Le dernier discours explicitement attribué à Bildad est très court : paix et domination appartiennent à Dieu, devant qui même lune et étoiles ne sont pas parfaitement brillantes ; combien moins l’être humain.
Dossier éditorial. Cette page présente le paratexte scientifique du chapitre sans remplacer le texte biblique ni le dossier détaillé de chaque verset.
En bref
Le dernier discours explicitement attribué à Bildad est très court : paix et domination appartiennent à Dieu, devant qui même lune et étoiles ne sont pas parfaitement brillantes ; combien moins l’être humain.
Place dans le livre
Contexte historique et littéraire
Le livre situe Job hors d’Israël et mobilise un horizon sapientiel international; il dialogue avec des traditions proches-orientales de plainte et de théodicée sans se réduire à elles.
Dans l’architecture du livre
Ce chapitre prend place dans le parcours général du livre : 1–2 ouvre le récit; 3–31 développe les cycles de dialogue; 32–37 donne les discours d’Élihou; 38–41 les discours de YHWH; 42 conclut par la réponse de Job et l’épilogue.
Parcours du chapitre
vv. 1–6 · Bref discours de Bildad : domination divine et petitesse humaine
Le dernier discours explicitement attribué à Bildad est très court : paix et domination appartiennent à Dieu, devant qui même lune et étoiles ne sont pas parfaitement brillantes ; combien moins l’être humain.
Clés de lecture
method
Le genre littéraire commande l’interprétation : poésie, sagesse, lamentation ou discours sapientiel utilisent parallélisme, image, hyperbole et voix multiples. Une formule poétique ne doit pas être aplatie en proposition technique.
lexicon
Dans la restitution Lecture, les termes récurrents ou saillants incluent notamment : comment, mortel, seraitil, devant, bildad, shouhite. Ce relevé est descriptif ; la portée sémantique doit être contrôlée dans le texte source.
Contexte, composition et transmission
Job 25 — composition et datation · probable
Le cadre narratif en prose et le vaste dialogue poétique ont probablement connu une histoire littéraire complexe. Les datations proposées s’étendent largement, mais une forme exilique ou postexilique est souvent envisagée.
Cette notice situe la forme littéraire et la datation proposée sans transformer une hypothèse rédactionnelle en certitude historique.
Job 25 — texte et transmission · établi
La base hébraïque est le texte massorétique OSHB/WLC; la Septante de Job est sensiblement plus courte et constitue un témoin majeur de l’histoire du texte.

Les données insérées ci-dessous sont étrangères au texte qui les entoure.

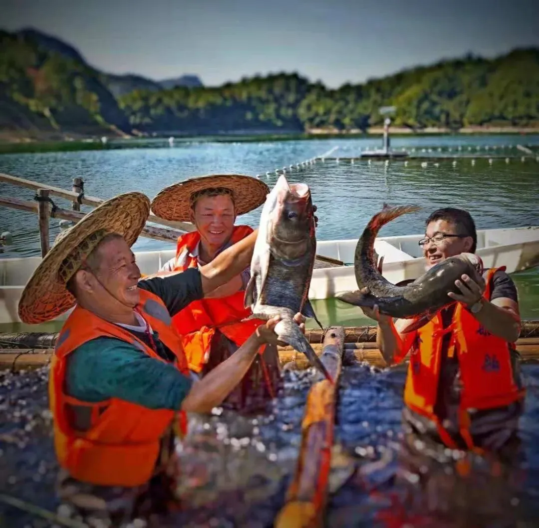 在筑牢生态屏障的同时,市公用集团还着力将生态优势转化为发展优势,全力打造“以渔富民”的共富样板。围绕生态增养殖、苗种投放等关键环节,集团不断提升规范化水平和鱼类品质,成功培育了“峃”牌、“珊溪水库鱼头”等有机鳙鱼品牌,产品年销量超30万斤,年收益近500万元。更重要的是,集团积极践行社会责任,每年将部分渔业收益用于扶持珊溪水库库区86个经济薄弱村,并有效带动了当地村民就业,真正实现了生态保护与共同富裕的深度融合。

Les témoins textuels documentent la transmission du livre et permettent de distinguer histoire du texte, histoire des événements et réception ultérieure.

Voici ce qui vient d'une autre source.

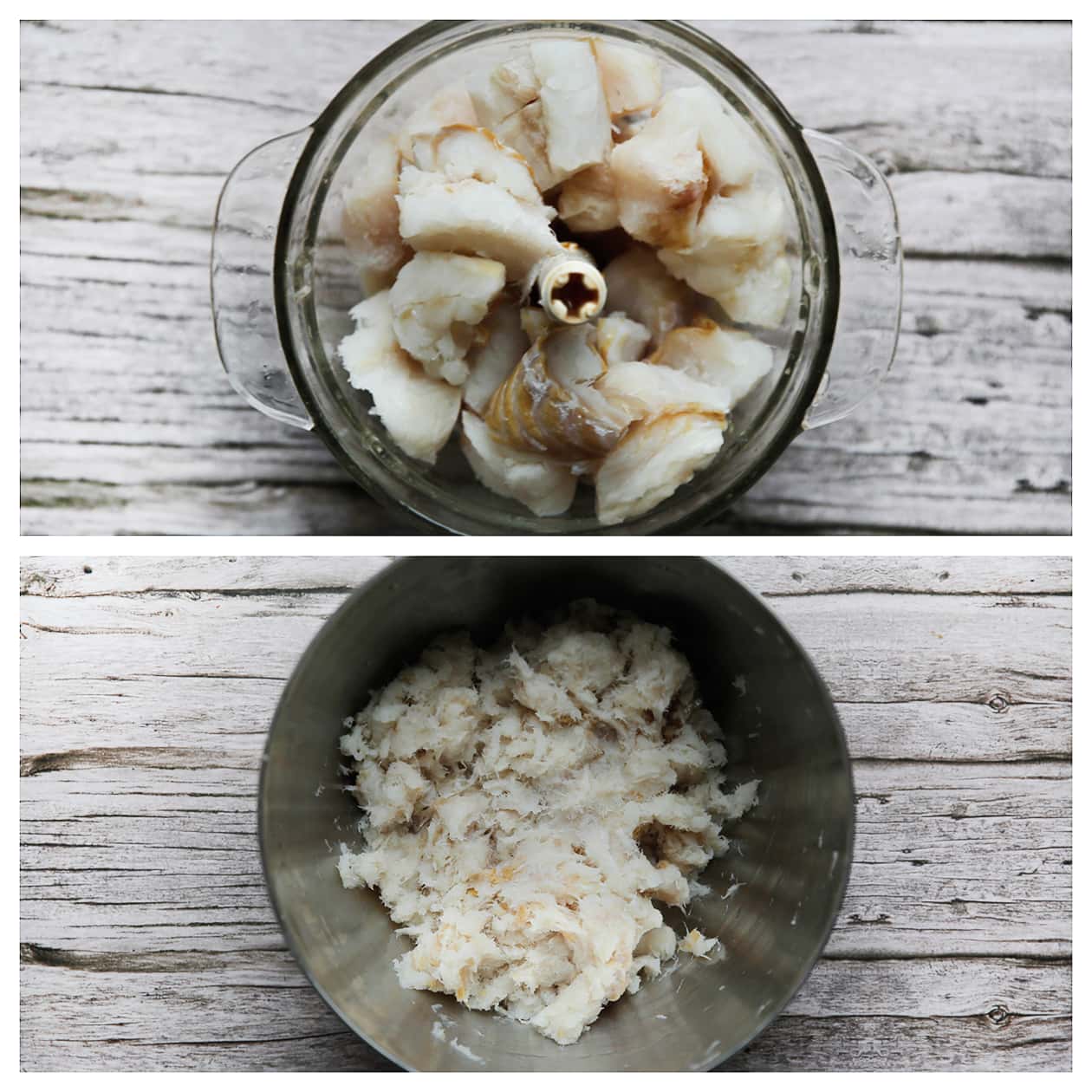 Gebruik kabeljauw en zeewolf die vers zijn. Dit draagt bij aan de smaak en textuur van het gerecht.

Job 25 — cadre historique · probable
Le livre situe Job hors d’Israël et mobilise un horizon sapientiel international; il dialogue avec des traditions proches-orientales de plainte et de théodicée sans se réduire à elles.
Ce chapitre prend place dans le parcours général du livre : 1–2 ouvre le récit; 3–31 développe les cycles de dialogue; 32–37 donne les discours d’Élihou; 38–41 les discours de YHWH; 42 conclut par la réponse de Job et l’épilogue.

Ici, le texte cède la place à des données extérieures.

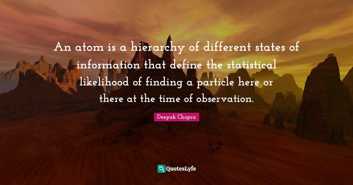 This page presents the quote "An atom is a hierarchy of different states of information that define the statistical likelihood of finding a particle here or there at the time of observation.". Author of this quote is Deepak Chopra. This quote is about atoms, time, observation, likelihood, states, hierarchy, different, information,.

État de la recherche et limites · méthodologique
Pour Job 25, la structure affichée repose sur 1 unité(s) éditoriale(s) nommée(s). Ce découpage décrit l’organisation retenue pour la lecture sans constituer une preuve autonome sur l’histoire de composition du chapitre.
Les propositions de datation, de composition, de contexte historique et de transmission doivent rester distinguées les unes des autres. Les degrés de certitude indiqués dans le dossier priment sur toute harmonisation ou reconstruction implicite.
Questions pour comprendre Job 25
Que contient Job 25 ?
Le dernier discours explicitement attribué à Bildad est très court : paix et domination appartiennent à Dieu, devant qui même lune et étoiles ne sont pas parfaitement brillantes ; combien moins l’être humain.
Comment Job 25 est-il structuré ?
Bref discours de Bildad : domination divine et petitesse humaine (vv. 1–6)
Quels points demandent une attention particulière dans Job 25 ?
Pour Job 25, la structure affichée repose sur 1 unité(s) éditoriale(s) nommée(s). Ce découpage décrit l’organisation retenue pour la lecture sans constituer une preuve autonome sur l’histoire de composition du chapitre.